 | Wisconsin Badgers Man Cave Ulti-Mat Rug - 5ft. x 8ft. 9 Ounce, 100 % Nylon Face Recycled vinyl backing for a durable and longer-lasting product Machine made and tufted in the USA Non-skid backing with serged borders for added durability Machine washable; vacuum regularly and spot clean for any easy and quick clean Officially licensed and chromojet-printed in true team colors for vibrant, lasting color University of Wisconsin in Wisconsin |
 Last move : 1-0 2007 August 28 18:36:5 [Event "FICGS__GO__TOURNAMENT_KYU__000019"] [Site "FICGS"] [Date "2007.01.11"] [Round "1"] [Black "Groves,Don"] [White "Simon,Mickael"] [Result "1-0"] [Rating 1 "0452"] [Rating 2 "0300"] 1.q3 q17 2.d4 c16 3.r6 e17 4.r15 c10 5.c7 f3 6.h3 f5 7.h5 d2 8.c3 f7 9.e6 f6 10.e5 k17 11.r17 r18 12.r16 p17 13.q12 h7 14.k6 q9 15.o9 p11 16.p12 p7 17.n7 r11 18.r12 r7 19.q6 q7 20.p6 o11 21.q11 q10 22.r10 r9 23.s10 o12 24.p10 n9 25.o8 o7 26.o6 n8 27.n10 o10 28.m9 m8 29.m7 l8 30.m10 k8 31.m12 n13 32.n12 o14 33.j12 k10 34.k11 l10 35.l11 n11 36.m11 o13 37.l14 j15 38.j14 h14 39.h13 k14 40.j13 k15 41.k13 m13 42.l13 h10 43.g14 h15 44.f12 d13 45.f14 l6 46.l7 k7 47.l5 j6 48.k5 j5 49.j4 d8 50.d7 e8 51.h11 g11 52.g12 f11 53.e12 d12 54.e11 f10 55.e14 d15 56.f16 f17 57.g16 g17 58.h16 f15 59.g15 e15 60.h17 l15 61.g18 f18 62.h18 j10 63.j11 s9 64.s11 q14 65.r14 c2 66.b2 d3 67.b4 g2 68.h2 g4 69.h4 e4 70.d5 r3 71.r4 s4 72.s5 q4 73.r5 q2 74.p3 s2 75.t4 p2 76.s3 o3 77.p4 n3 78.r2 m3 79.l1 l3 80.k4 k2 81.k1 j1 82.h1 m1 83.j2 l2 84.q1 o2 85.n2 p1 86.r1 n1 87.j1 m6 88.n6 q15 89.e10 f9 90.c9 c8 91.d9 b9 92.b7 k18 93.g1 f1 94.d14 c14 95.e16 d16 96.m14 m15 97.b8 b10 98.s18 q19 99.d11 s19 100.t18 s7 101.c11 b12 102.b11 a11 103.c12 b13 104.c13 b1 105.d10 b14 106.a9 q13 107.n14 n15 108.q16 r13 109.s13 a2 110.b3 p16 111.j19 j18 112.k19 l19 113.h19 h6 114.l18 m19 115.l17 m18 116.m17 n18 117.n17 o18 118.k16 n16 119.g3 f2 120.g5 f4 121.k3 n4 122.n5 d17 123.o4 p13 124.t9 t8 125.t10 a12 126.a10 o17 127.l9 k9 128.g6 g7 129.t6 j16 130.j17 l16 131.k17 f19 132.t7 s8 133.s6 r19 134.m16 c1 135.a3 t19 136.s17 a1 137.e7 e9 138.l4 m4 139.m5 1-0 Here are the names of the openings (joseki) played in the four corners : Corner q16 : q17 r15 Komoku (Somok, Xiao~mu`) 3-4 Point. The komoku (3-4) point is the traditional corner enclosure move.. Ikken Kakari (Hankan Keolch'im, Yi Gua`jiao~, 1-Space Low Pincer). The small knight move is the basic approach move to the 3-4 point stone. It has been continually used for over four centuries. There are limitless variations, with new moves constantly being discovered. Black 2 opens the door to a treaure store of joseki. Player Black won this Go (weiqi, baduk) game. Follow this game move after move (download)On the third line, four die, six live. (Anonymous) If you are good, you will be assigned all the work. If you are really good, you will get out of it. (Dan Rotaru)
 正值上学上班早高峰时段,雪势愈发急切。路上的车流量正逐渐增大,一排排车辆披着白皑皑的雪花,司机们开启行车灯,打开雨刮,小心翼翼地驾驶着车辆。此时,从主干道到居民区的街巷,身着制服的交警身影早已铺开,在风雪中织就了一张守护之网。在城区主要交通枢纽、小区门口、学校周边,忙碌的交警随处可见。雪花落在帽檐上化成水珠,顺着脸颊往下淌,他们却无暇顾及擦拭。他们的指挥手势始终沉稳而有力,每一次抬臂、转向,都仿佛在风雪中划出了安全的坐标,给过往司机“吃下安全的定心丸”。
- - - - - - -
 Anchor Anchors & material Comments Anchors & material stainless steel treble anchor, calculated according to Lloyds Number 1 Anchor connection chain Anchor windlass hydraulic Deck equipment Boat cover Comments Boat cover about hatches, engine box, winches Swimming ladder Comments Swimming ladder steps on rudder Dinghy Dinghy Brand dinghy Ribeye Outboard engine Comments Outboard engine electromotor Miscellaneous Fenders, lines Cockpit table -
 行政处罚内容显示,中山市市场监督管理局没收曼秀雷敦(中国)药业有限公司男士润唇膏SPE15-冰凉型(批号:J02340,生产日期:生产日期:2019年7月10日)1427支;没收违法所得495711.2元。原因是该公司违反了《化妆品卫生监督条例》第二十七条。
- - - - - - -
Within the listing above, extract exactly the lines from the line with "Anchor Anchors &" to the line with "行政处罚内容显示,中山市市场", the two named lines included, and no others.

 Anchor Anchors & material Comments Anchors & material stainless steel treble anchor, calculated according to Lloyds Number 1 Anchor connection chain Anchor windlass hydraulic Deck equipment Boat cover Comments Boat cover about hatches, engine box, winches Swimming ladder Comments Swimming ladder steps on rudder Dinghy Dinghy Brand dinghy Ribeye Outboard engine Comments Outboard engine electromotor Miscellaneous Fenders, lines Cockpit table -
 行政处罚内容显示,中山市市场监督管理局没收曼秀雷敦(中国)药业有限公司男士润唇膏SPE15-冰凉型(批号:J02340,生产日期:生产日期:2019年7月10日)1427支;没收违法所得495711.2元。原因是该公司违反了《化妆品卫生监督条例》第二十七条。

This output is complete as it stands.